# ACTION ITEM
Every line with "beautifully" in it must be copied from the data.

(Collected data)

'''

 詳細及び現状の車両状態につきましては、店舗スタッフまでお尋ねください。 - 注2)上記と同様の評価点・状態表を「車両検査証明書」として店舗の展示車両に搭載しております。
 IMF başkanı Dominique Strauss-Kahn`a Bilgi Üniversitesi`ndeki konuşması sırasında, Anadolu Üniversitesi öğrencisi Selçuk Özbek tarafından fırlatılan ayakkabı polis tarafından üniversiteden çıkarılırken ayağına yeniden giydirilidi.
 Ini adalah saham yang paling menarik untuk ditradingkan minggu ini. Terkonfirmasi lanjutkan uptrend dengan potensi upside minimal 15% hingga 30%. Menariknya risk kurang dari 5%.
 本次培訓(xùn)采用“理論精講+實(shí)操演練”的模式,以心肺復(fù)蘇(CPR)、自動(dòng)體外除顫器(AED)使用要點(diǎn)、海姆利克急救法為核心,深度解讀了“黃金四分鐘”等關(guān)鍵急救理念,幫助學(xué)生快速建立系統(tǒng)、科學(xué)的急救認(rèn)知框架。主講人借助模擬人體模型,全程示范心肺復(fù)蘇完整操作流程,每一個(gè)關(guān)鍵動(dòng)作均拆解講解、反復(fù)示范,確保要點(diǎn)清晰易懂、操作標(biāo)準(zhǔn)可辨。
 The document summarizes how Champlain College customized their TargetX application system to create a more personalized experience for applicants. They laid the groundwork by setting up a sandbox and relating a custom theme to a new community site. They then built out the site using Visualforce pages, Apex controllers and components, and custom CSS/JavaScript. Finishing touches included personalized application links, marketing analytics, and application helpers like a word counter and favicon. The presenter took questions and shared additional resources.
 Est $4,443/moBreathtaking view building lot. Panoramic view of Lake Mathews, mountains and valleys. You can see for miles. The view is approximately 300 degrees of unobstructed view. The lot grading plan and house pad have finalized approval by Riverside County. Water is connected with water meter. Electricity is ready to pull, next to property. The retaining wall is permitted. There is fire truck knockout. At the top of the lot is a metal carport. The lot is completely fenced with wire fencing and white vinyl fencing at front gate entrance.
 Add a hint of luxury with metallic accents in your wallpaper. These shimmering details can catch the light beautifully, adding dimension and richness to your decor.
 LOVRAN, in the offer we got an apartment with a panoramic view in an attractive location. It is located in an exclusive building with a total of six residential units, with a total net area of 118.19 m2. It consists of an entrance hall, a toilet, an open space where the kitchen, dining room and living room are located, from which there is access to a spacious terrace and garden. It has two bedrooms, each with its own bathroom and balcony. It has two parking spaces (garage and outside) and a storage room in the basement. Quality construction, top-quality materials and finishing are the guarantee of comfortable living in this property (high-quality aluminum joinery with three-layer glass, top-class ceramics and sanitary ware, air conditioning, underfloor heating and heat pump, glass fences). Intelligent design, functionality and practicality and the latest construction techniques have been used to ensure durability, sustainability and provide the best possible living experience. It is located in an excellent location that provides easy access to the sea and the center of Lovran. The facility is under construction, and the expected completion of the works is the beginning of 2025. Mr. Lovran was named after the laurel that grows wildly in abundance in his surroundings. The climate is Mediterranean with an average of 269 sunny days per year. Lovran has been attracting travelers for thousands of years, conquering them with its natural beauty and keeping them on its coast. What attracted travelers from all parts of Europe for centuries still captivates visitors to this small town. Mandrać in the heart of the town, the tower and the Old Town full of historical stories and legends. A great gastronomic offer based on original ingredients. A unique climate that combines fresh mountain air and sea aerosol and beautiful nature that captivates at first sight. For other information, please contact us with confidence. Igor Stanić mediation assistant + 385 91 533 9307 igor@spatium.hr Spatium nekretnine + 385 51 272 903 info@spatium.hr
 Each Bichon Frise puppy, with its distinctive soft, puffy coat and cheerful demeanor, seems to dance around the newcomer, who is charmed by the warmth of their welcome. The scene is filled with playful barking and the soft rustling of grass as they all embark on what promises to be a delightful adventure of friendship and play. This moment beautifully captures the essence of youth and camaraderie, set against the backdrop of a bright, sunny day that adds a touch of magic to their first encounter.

'''

# ANSWER TO THIS EXERCISE
 Add a hint of luxury with metallic accents in your wallpaper. These shimmering details can catch the light beautifully, adding dimension and richness to your decor.
 Each Bichon Frise puppy, with its distinctive soft, puffy coat and cheerful demeanor, seems to dance around the newcomer, who is charmed by the warmth of their welcome. The scene is filled with playful barking and the soft rustling of grass as they all embark on what promises to be a delightful adventure of friendship and play. This moment beautifully captures the essence of youth and camaraderie, set against the backdrop of a bright, sunny day that adds a touch of magic to their first encounter.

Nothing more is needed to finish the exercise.